West Country accents are therefore redundant, making way for a bold and brash Mrs Hardcastle, whose portrayal by Gilly Tompkins has echoes of a Northern Barbara Windsor; and a fantastically bawdy Miss Neville played by Lauryn Redding. Then there’s Miss Hardcastle and the surprise Scouse accent she adapts to the audience’s delight when she stoops to conquer the shy Charles Marlow.

This classic romantic romp involves a rich countryman, Hardcastle, who wants his daughter Kate to marry his friend’s son, Charles Marlow; and Hardcastle's second wife who wants her son, Tony Lumpkin, to marry her niece, Constance Neville, in order to hang on to the family jewels. The problem is that Miss Neville has her sights set on Marlow’s friend, Hastings; and Marlow is too timid to woo Miss Kate Hardcastle. Meanwhile Tony Lumpkin and his mother are intent on stopping the course of true love run smoothly.

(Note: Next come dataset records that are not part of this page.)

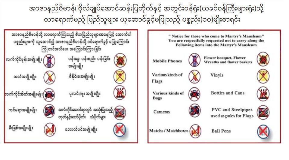 အဆိုပါနေရာများသို့ လာရောက်ကြမည့် ပြည်သူများအနေနဲ့ Drone ယာဉ်များယူဆောင်လာခြင်း၊ လွှတ်တင်ခြင်းများမပြုလုပ်ရန်နှင့် လက်ကိုင်ဖုန်း၊ အလံ၊ လက်ကိုင်အိတ်၊ ကင်မရာ၊ မီးခြစ်၊ ပန်းခွေ၊ ပန်းစည်း၊ ပန်းခြင်း၊ ဗီနိုင်း၊ ပုလင်း/ဗူး၊ အလံကိုင်ဆောင်ရာတွင်အသုံးပြုသည့် တုတ်နှင့် ကော်ပိုက်၊ သံပိုက်များနှင့် ဘောလ်ပင် စသည့်ပစ္စည်းအမျိုးမျိုးတို့အားယူဆောင်၍ ဝင်ရောက် ခွင့်မပြုကြောင်း ထုတ်ပြန်ထားပါတယ်။
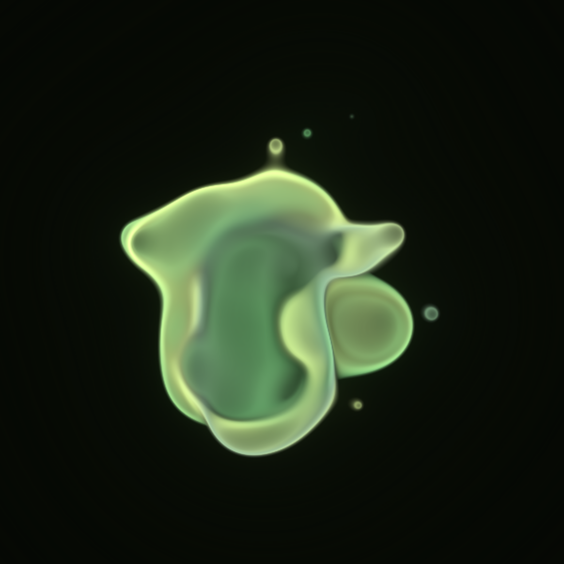 Translucent color bubbles playfully mix and morph to create organic and ephemeral blobby forms. [Shortcuts] spacebar: pause/resume, s: save screenshot, 1→5: high→low resolution. If needed, please adjust resolution or window size for optimal performance.
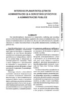 Interdisciplinaritatea știinţei administraţiei şi a cercetării ştiinţifice a administraţiei publice The interdisciplinary character is a cooperative, unifiying and encoding process of the theoretical disciplines applied to the science of administration. The science of administration is not alien to it, the use of a self criterion of a scientific character, to render theoretical basis to the public administration, including the judicial one.
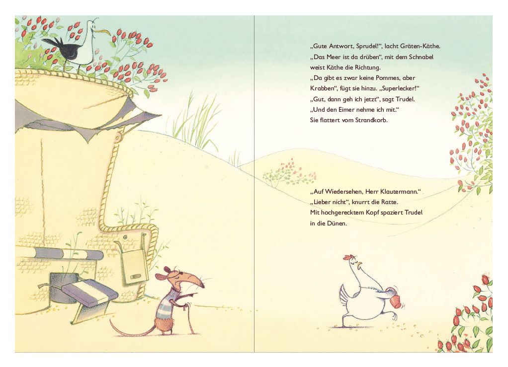 »Mit kindlichem Humor und niedlichen Illustrationen schildern Eva Muszynski und Karsten Teich die Geschichte eines mutigen Huhns, das an die Freiheit gelangt.«
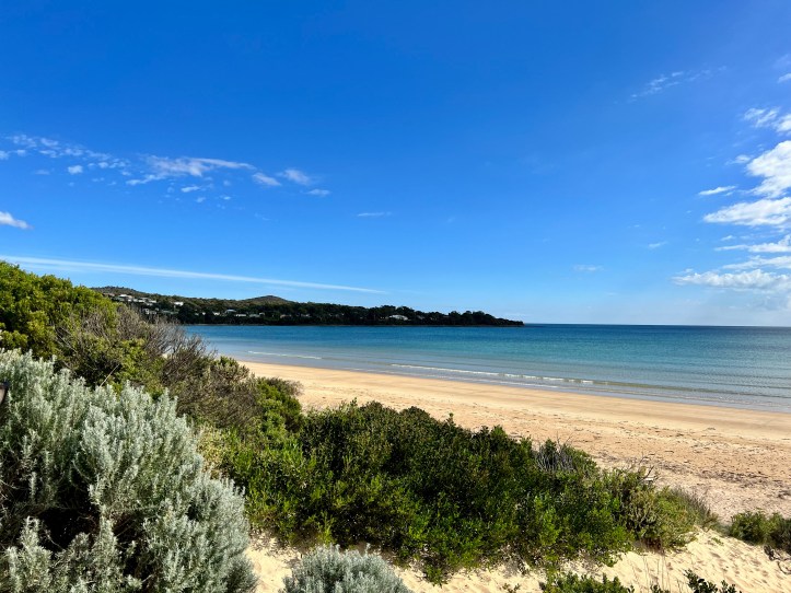 We were very surprised to see how calm the open waters were. When we looked to the left from this spot, we were looking towards the settlement and surfing area of Greens Beach, where quite a few cars were parked.
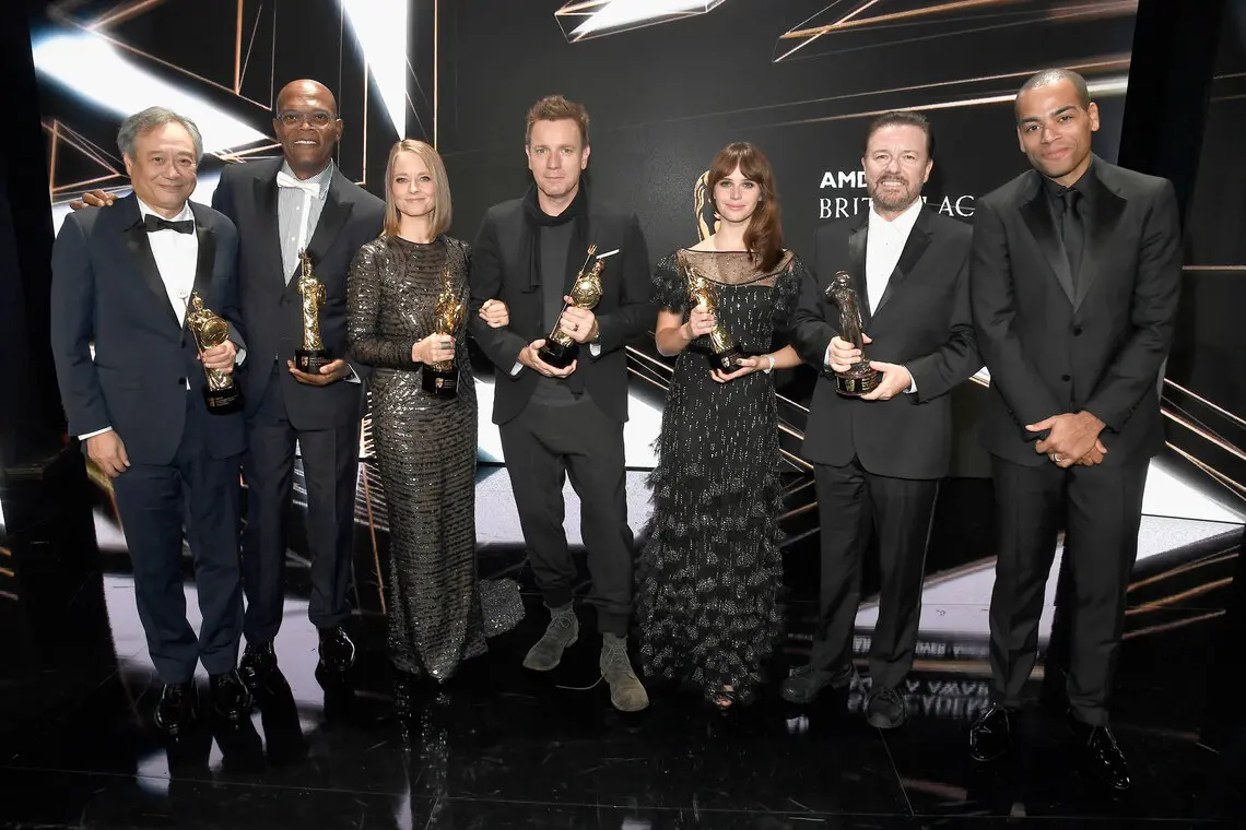 BAFTA Los Angeles was pleased to honor Jodie Foster, Ricky Gervais, Ang Lee, Samuel L. Jackson, Felicity Jones, and Ewan McGregor at the 2016 AMD British Academy Britannia Awards presented by Jaguar Land Rover and American Airlines on Friday, October 28, 2016 at the Beverly Hilton Hotel.
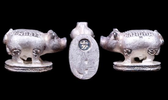 หมูคุ้มภัยมหาลาภ ปี 41 เนื้อเงิน หลวงปู่ทิม วัดพระขาว สวย แดงเคาะแรก

Director Conrad Nelson has done Oliver Goldsmith proud, with his talented ensemble of actor-musicians keeping us on our toes throughout. Scenes are punctuated with bursts of beautifully harmonised song accompanied by the piano, flute, violin and even a kazoo; and countless comedy interludes, including a simply hilarious pas de deux involving skipping and stags heads.

Jon Trenchard is a fabulously camp Tony Lumpkin in giraffe print with a pink cravat, and his costume and character blends beautifully with those of his flamboyant mother.

Hannah Edwards is plucky and forthright as Miss Hardcastle; and Guy Lewis as Hastings alongside Oliver Gomm as Marlow are both over the top and credible as the young men about town who are duped into thinking the Hardcastles’ home is a country inn.

Oliver Gomm’s twitching, awkward movements when faced with Miss Hardcastle make you cringe in all the right places, as does his jaunty gait when he thinks she is just a lowly barmaid.

Lauryn Redding and Jon Trenchard are a brilliant double act as the “kissing cousins”, with both of them inducing peals of laughter with a mere facial expression or movement.

The cleverly designed stage set creates a warm and inviting backdrop, with props, pillars and hidden doors providing some inventive opportunities for the cast to skip and flit around. The set changes are carried out by servants, and entrances and exits are slick, with cast members gliding on to the left as others glide off to the right.

Northern Broadsides’ first class production of mischief, mayhem and misunderstandings gains momentum brilliantly as it reaches its climax with an amusing bottle-wielding eruption from Howard Chadwick as Mr Hardcastle, a wailing, spread-eagled Mrs Hardcastle, and Marlow’s bewildered reaction to the big reveal:

 “Oh, the devil.”

Contrary to Mrs Hardcastle’s grumpy complaint that this was “but the whining end of a modern novel,” the grand musical finale is a spectacle in itself, with an extra loud round of applause for scene stealer Alan McMahon as the crossing dressing man servant.

However every single member of the cast deserves praise for this superb performance.

Long live love and romance. And Northern Broadsides.

She Stoops To Conquer (recommended for aged 12 plus) tours until December 13th, and is at The Dukes until September 13th. Tickets, £8-£18.50, are available from the box office on 01524 598500, or from www.dukes-lancaster.org

 
 

Comments

2 Comments

  • Cameron Lowe
    by Cameron Lowe 3 years ago
    Thanks, Kirstie. This sounds excellent.
  • Kirstie Niland
    by Kirstie Niland 3 years ago
    It was superb. Highly recommended!